摘要: 无向连通图$G$ 的Sigma指数定义为$\sigma \left(G\right)={\displaystyle {\sum }_{uv\in E\left(G\right)}{\left(d_G\left(u\right)-d_G\left(v\right)\right)}^2}$ ，其中，$d_G\left(u\right)$ 和$d_G\left(v\right)$ 分别表示顶点$u$ 和$v$ 在图$G$ 中的度。本文研究了$n$ 阶单圈图的Sigma指数，用不同的方法讨论了其最大值。在本文中，我们也得到了单圈图中Sigma指数第二大值，并刻画了其极图。

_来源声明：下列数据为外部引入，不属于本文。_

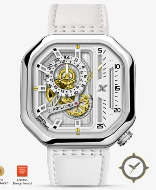 A Skeleton watch with a bold 50.5mm presence on the wrist, crafted from stainless steel featuring a white dial with a unique brushed vertical finish.
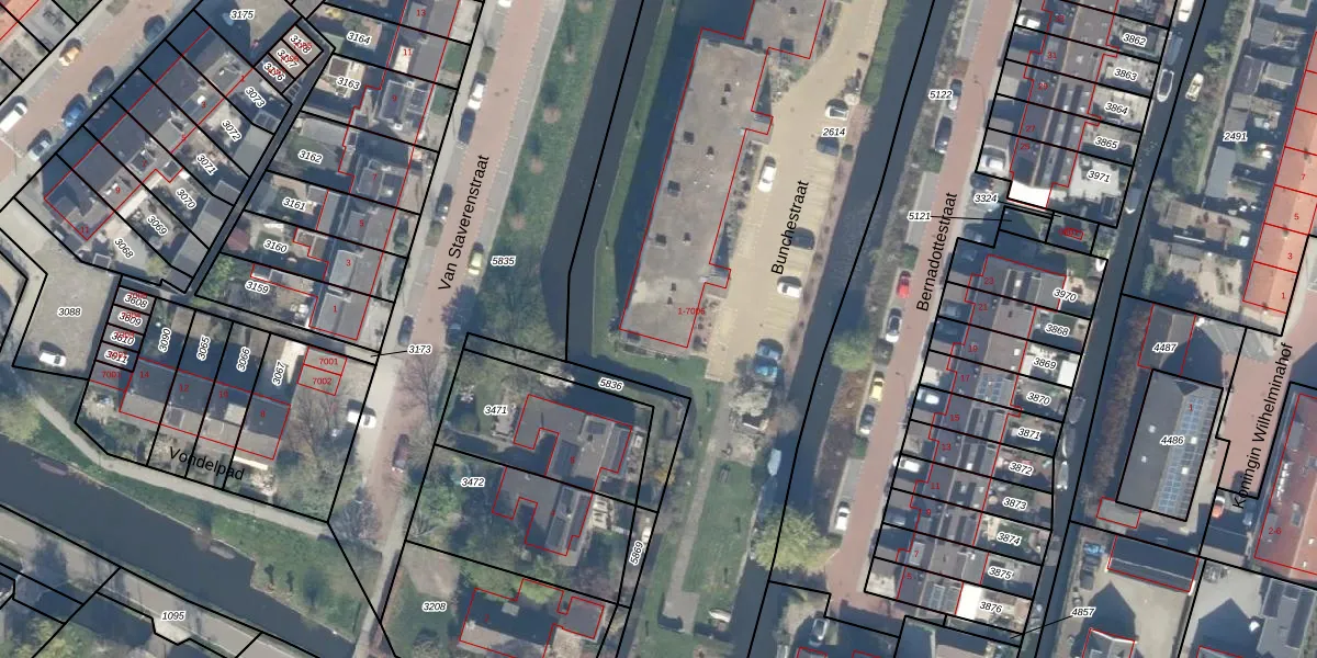 Het perceel waarop Bunchestraat 1 staat heeft een oppervlakte van 5005 m². Dit is een zeer groot perceel. De perceeloppervlakte wordt geregistreerd door het Kadaster. Gedetailleerde informatie over de maten van dit perceel kunt u vinden in het rapport Kadastrale kaart met maatvoering van Bunchestraat 1.
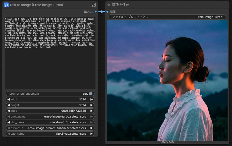 今回は「Ernie Image Turbo:テキストから画像」を使ってみたいと思います。
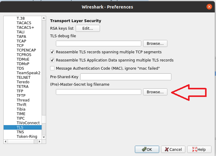 To use the TLS keys to decrpyt this traffic, go to Edit >> Preferences >> Protocols, and scroll down to get TLS. In the last field in the windows, you’l see “Pre-MasterSecret log filename”, click on “Browse…” next to it, and show Wireshark the location of the tlskeys.log file. Then, click “OK”.
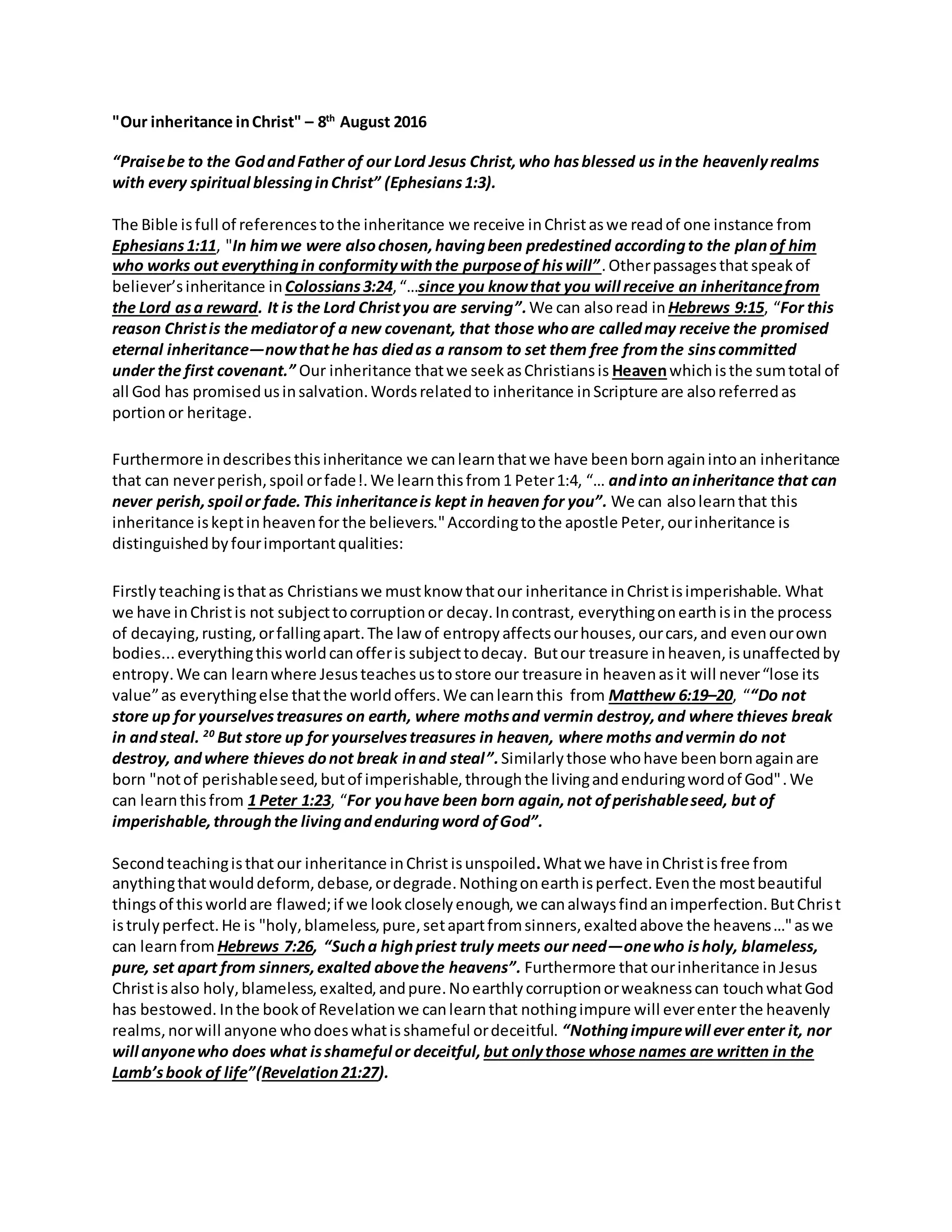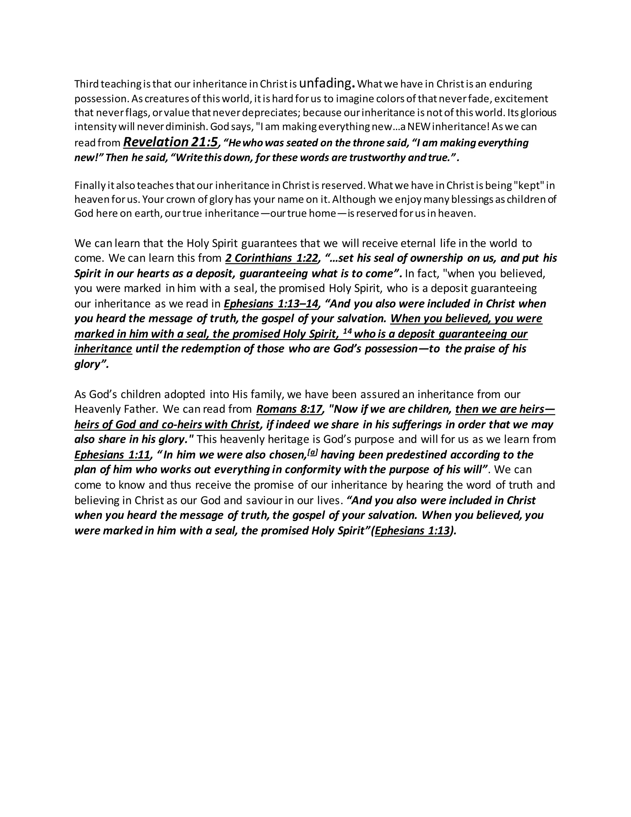 1) As Christians, we have an inheritance in Christ that is described as imperishable, unspoiled, and unfading. This inheritance is reserved for us in heaven and cannot be touched by anything of this earth.

Abstract: The sigma of an undirected graph $G$ is defined as $\sigma \left(G\right)={\displaystyle {\sum }_{uv\in E\left(G\right)}{\left(d_G\left(u\right)-d_G\left(v\right)\right)}^2}$ , where $d_G\left(u\right)$ and $d_G\left(v\right)$ denote the degrees of vertices $u$ and $v$ , respectively. In this paper, we investigate the Sigma index of n-vertex unicyclic graphs and discuss its maximum value using different methods. Furthermore, we determine the second largest Sigma index and extremal graph among unicyclic graphs.